4.1.5.2 The objectives of firms Flashcards
What is the traditional assumption about firm objectives?
Traditional theory assumes firms aim to maximize profits.
What is the profit-maximizing rule?
Profit maximization occurs where marginal cost (MC) equals marginal revenue (MR): MC = MR.
When do profits increase?
Profits increase when MR > MC (each additional unit adds more to revenue than to costs).
When do profits decrease?
Profits decrease when MC > MR (each additional unit adds more to costs than to revenue).
Why do firms choose to profit maximize?
Reasons include:
- Higher wages/dividends
- Retained profits as cheap finance
- Shareholder expectations
- Price stability in long run
What is the principal-agent problem?
When managers (agents) make decisions that benefit themselves rather than shareholders (principals), due to conflicting objectives.
What is shareholder activism?
When shareholders pressure management to align decisions with shareholder interests (e.g., higher dividends rather than manager bonuses).

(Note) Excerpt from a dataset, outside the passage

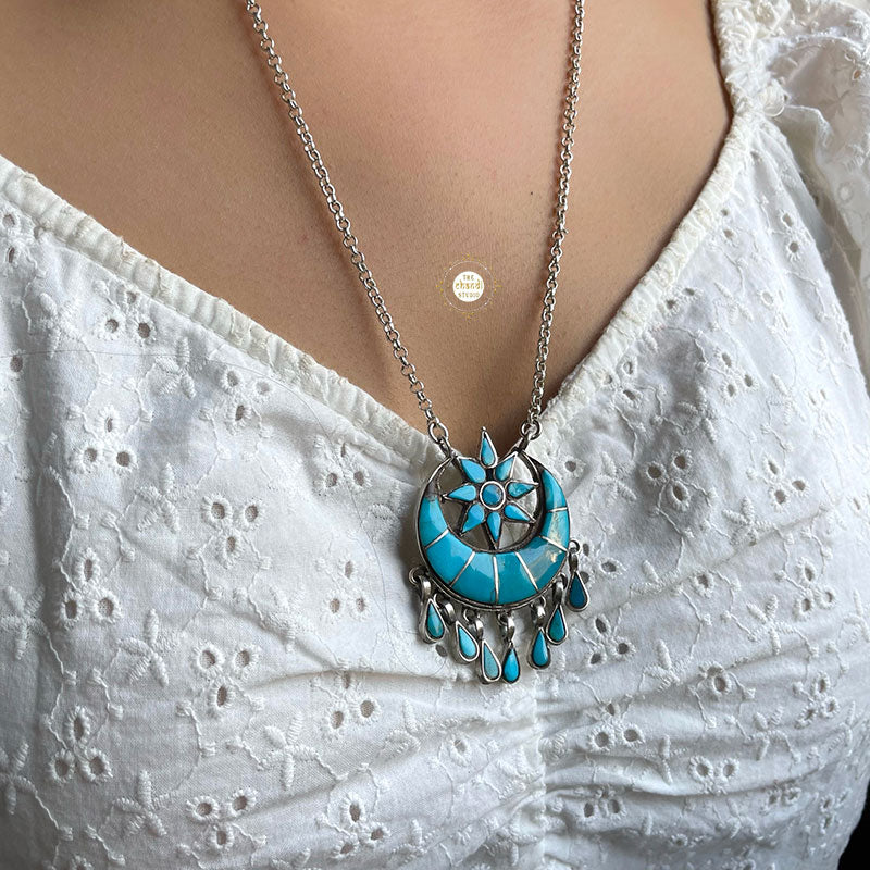 Introducing our breathtaking Natural Stone Chaand Sitaara Necklace, a celestial-inspired masterpiece that embodies the timeless allure of the night sky. Crafted with exquisite detail and adorned with genuine natural stones, this necklace captures the essence of celestial beauty and elegance.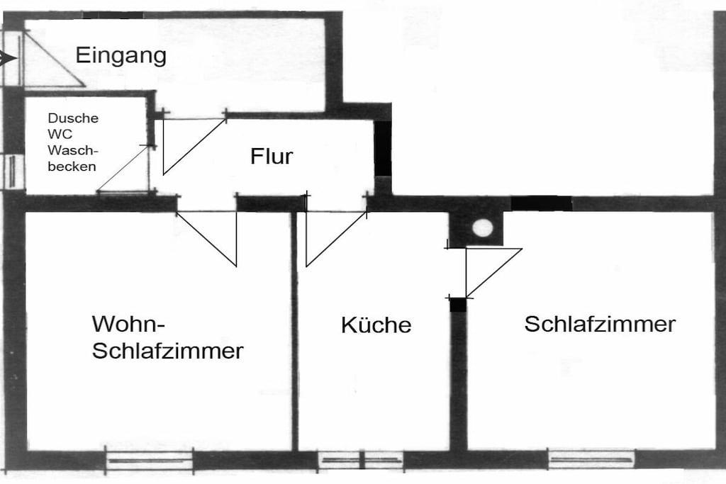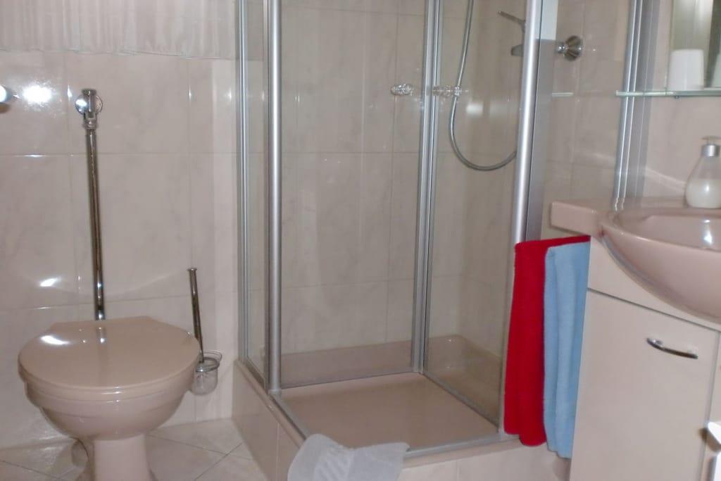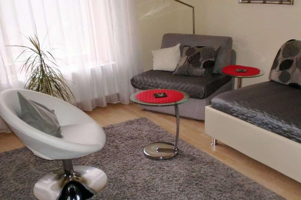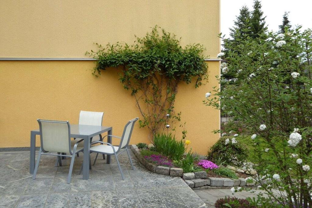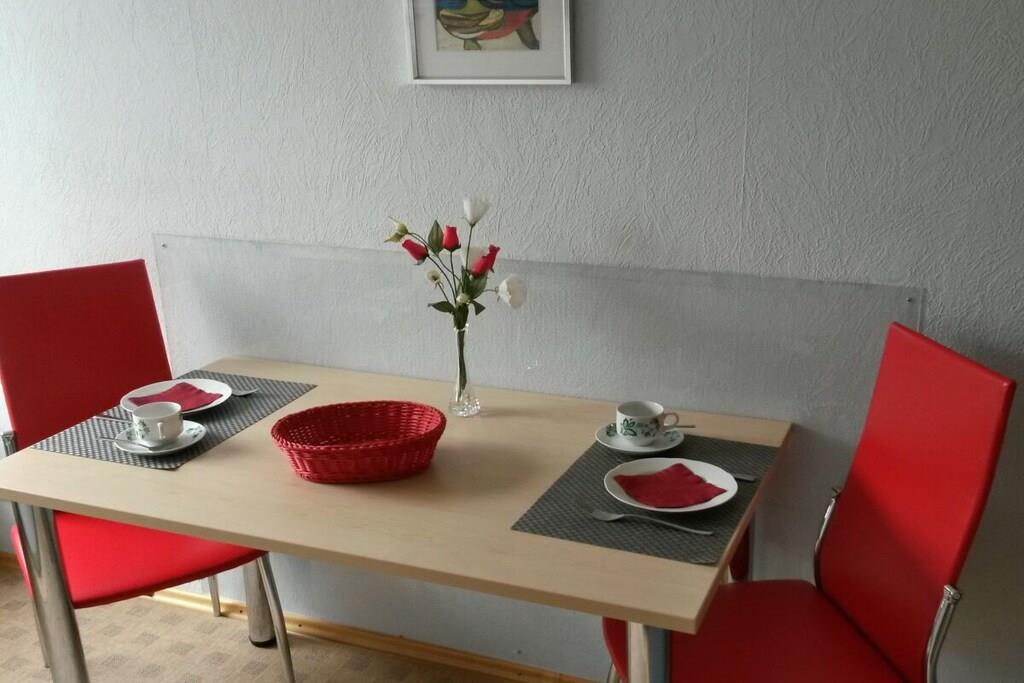 Dear guests, my apartment is 45m² in size and offers optimal comfort for three vacationers. Your apartment is lovingly and carefully furnished. The fully equipped kitchen includes a microwave, oven, coffee maker, kettle, toaster, and a small seating area. All rooms have natural light and a view of the garden. A sunny terrace opens onto your separate entrance. The apartment has a bedroom with a double bed, a wardrobe, and a chest of drawers. The living room has a single bed that can also be used as a couch, as well as a wardrobe, among other furniture. Both rooms have a television. Of course, you also have free Wi-Fi access. Free parking is available on the street.

What are alternative firm objectives besides profit maximization?
- Survival
- Growth
- Market share
- Quality
- Sales revenue maximization
- Sales maximization
- Social/environmental goals
When might firms prioritize survival?
During economic downturns or when entering competitive markets, to maintain market position even at short-term losses.
Why might firms aim for growth?
To achieve economies of scale, lower costs, increase R&D capability, and improve long-term profitability.
What is revenue maximization?
Producing where MR = 0 (selling maximum possible units without considering costs).
What is sales maximization?
Producing where AC = AR (selling maximum possible units without making a loss).
What is an example of sales maximization?
Amazon selling Kindles at a loss initially to gain market share and customer loyalty.
What is the satisficing principle?
Earning just enough profit to keep shareholders happy while pursuing other objectives.
When does satisficing typically occur?
When there’s a divorce of ownership and control (managers prioritize personal/other goals over maximum profits).
How might quality be a firm objective?
Improving product/service quality to build reputation, justify higher prices, and increase competitiveness.
Why might PLCs prioritize short-run profit maximization?
To satisfy shareholders with dividends and maintain share prices.
What are managerial objectives that may conflict with profit maximization?
- Personal gains (bonuses, perks)
- Easier work conditions
- Firm growth for prestige
How can divorce of ownership from control affect firm decisions?
Managers may pursue:
- Sales growth over profits
- Personal benefits
- Easier targets
Rather than shareholder value.
What diagram position shows revenue maximization?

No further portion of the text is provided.